• [Task brief]: For the material below, output exactly the span from the line with "REGATA DE MALHA" to the line with "This 2018 Audi", including both, and nothing besides.

• [Records to use]:
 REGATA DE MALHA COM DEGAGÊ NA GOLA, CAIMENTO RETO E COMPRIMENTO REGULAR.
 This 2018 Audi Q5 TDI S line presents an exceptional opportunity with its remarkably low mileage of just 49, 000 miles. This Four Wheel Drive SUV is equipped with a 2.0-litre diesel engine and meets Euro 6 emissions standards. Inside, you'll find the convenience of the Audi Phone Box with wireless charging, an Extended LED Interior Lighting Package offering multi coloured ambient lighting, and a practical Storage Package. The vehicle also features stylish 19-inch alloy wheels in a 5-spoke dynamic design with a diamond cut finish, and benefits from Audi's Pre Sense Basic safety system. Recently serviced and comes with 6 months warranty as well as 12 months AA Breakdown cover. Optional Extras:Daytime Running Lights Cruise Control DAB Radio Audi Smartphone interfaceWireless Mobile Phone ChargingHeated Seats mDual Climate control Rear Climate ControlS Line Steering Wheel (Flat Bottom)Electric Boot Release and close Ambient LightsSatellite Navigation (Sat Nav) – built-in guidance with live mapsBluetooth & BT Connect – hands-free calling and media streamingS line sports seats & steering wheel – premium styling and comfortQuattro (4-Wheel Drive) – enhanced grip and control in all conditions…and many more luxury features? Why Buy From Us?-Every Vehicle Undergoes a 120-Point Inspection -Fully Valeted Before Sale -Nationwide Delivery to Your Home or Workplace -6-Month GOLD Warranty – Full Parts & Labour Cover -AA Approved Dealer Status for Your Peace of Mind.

...

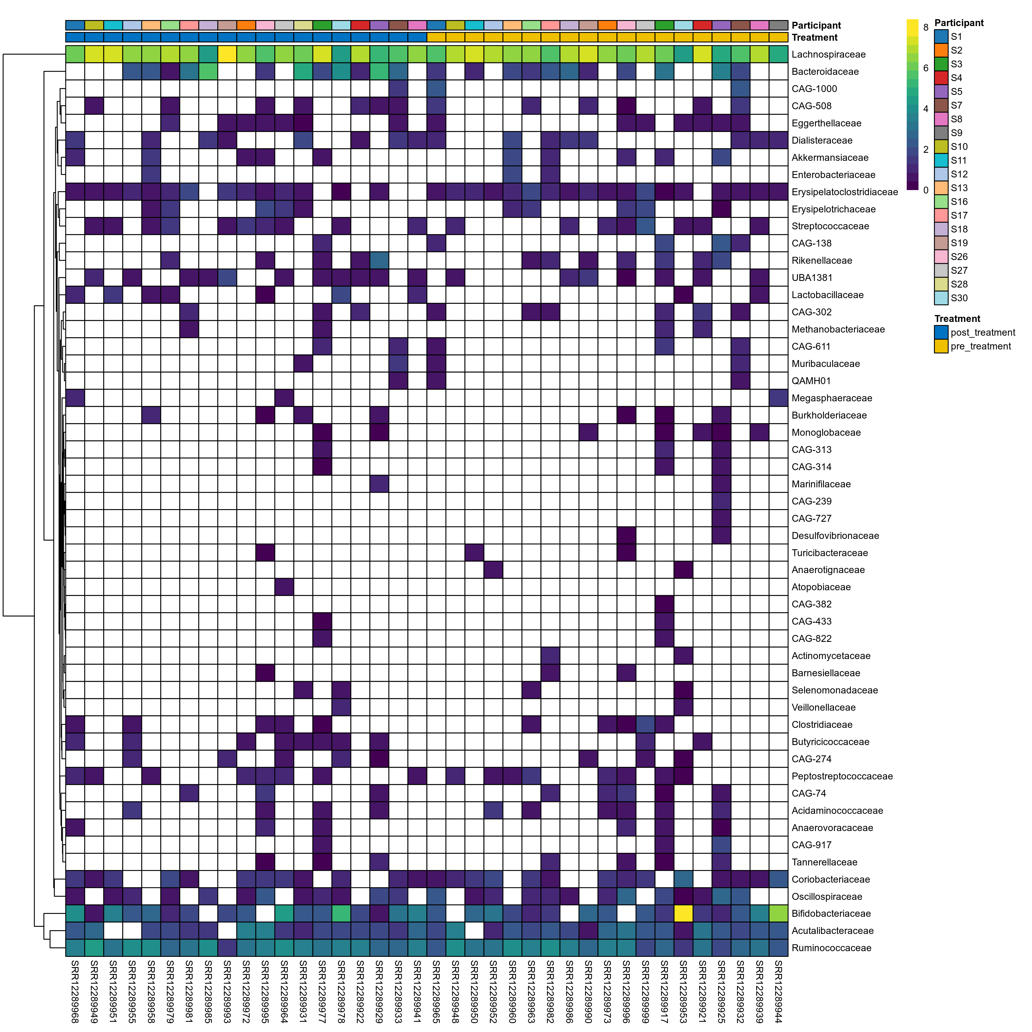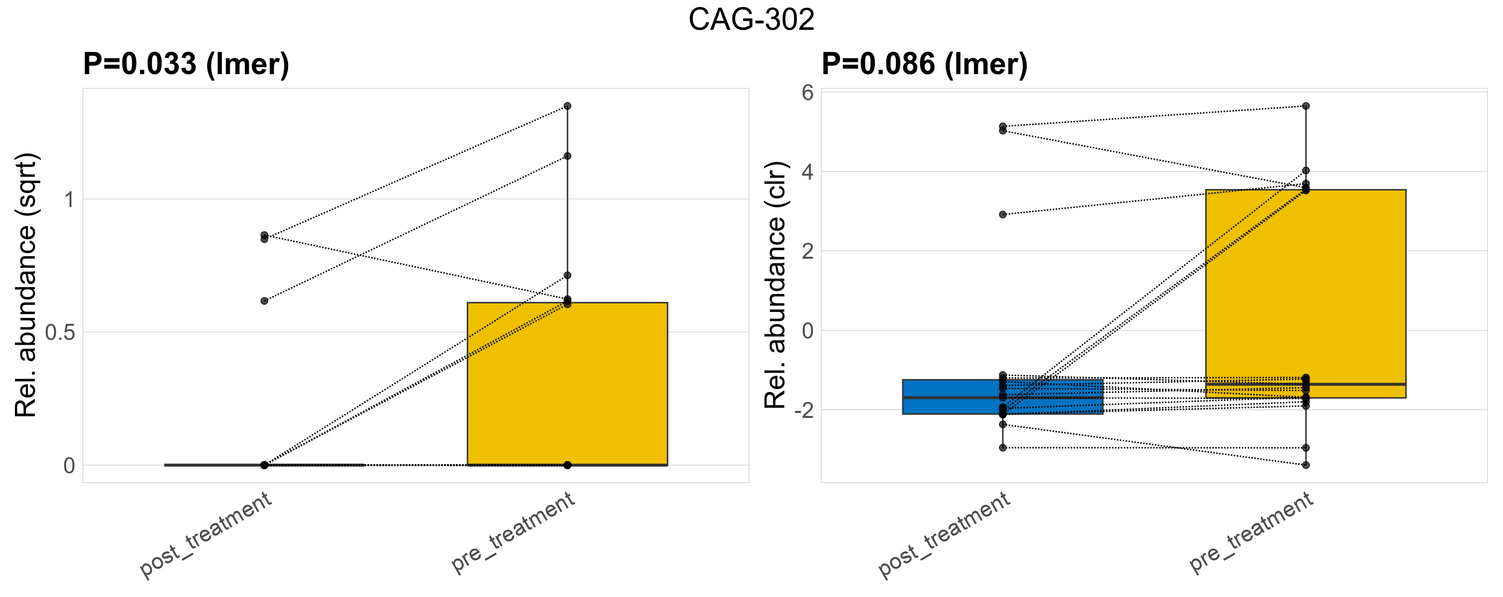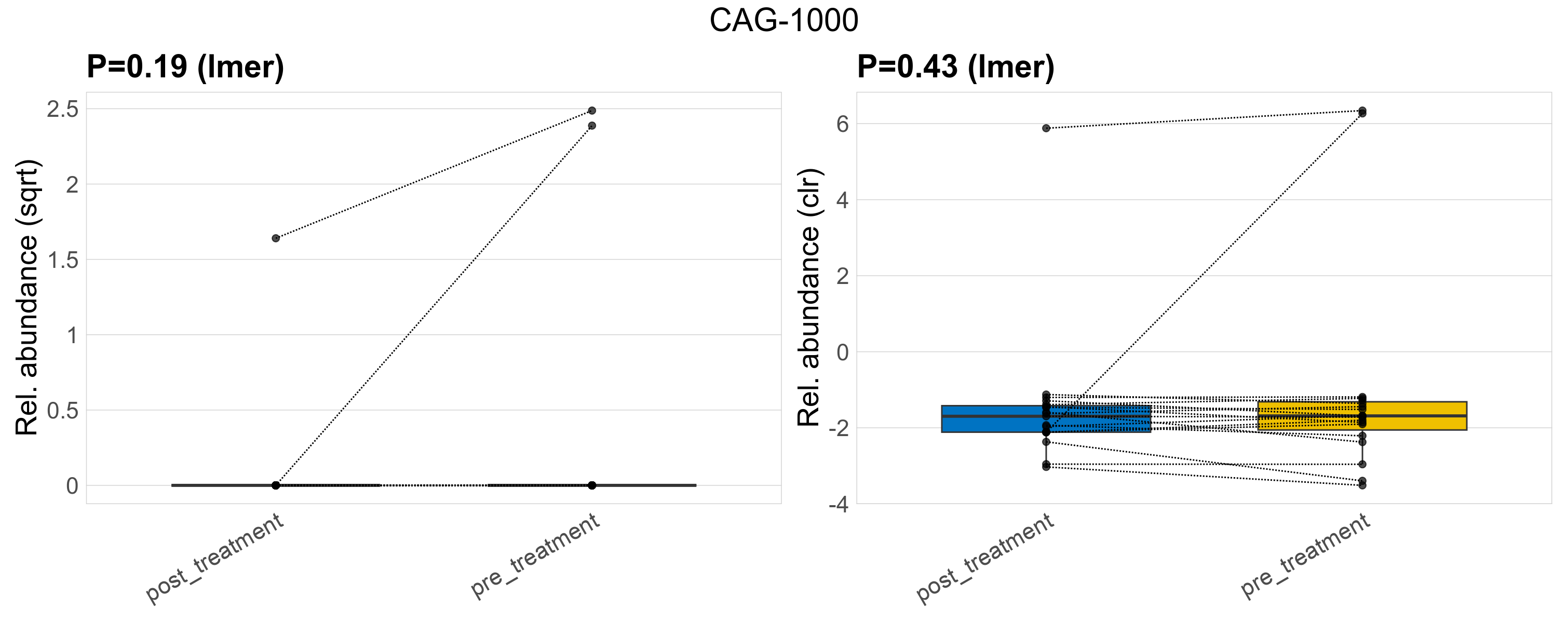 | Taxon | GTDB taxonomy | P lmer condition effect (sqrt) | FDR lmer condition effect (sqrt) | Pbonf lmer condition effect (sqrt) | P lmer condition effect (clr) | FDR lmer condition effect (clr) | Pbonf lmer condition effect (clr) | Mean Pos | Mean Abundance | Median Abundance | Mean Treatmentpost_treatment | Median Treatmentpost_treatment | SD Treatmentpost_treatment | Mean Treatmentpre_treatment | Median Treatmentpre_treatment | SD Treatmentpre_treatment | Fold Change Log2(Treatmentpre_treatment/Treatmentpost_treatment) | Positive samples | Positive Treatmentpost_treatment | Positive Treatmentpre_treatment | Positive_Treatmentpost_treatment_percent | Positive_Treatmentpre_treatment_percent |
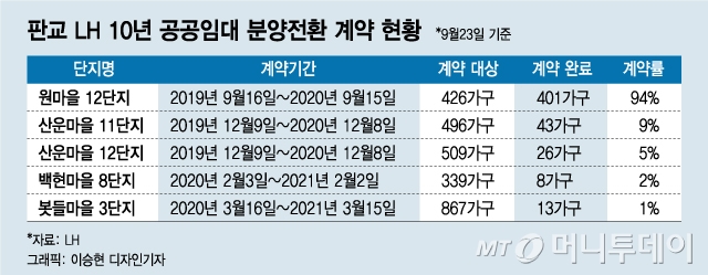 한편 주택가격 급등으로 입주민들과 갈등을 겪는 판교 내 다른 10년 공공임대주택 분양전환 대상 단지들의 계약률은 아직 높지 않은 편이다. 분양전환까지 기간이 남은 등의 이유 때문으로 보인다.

• [Answer to this exercise]:
 REGATA DE MALHA COM DEGAGÊ NA GOLA, CAIMENTO RETO E COMPRIMENTO REGULAR.
 This 2018 Audi Q5 TDI S line presents an exceptional opportunity with its remarkably low mileage of just 49, 000 miles. This Four Wheel Drive SUV is equipped with a 2.0-litre diesel engine and meets Euro 6 emissions standards. Inside, you'll find the convenience of the Audi Phone Box with wireless charging, an Extended LED Interior Lighting Package offering multi coloured ambient lighting, and a practical Storage Package. The vehicle also features stylish 19-inch alloy wheels in a 5-spoke dynamic design with a diamond cut finish, and benefits from Audi's Pre Sense Basic safety system. Recently serviced and comes with 6 months warranty as well as 12 months AA Breakdown cover. Optional Extras:Daytime Running Lights Cruise Control DAB Radio Audi Smartphone interfaceWireless Mobile Phone ChargingHeated Seats mDual Climate control Rear Climate ControlS Line Steering Wheel (Flat Bottom)Electric Boot Release and close Ambient LightsSatellite Navigation (Sat Nav) – built-in guidance with live mapsBluetooth & BT Connect – hands-free calling and media streamingS line sports seats & steering wheel – premium styling and comfortQuattro (4-Wheel Drive) – enhanced grip and control in all conditions…and many more luxury features? Why Buy From Us?-Every Vehicle Undergoes a 120-Point Inspection -Fully Valeted Before Sale -Nationwide Delivery to Your Home or Workplace -6-Month GOLD Warranty – Full Parts & Labour Cover -AA Approved Dealer Status for Your Peace of Mind.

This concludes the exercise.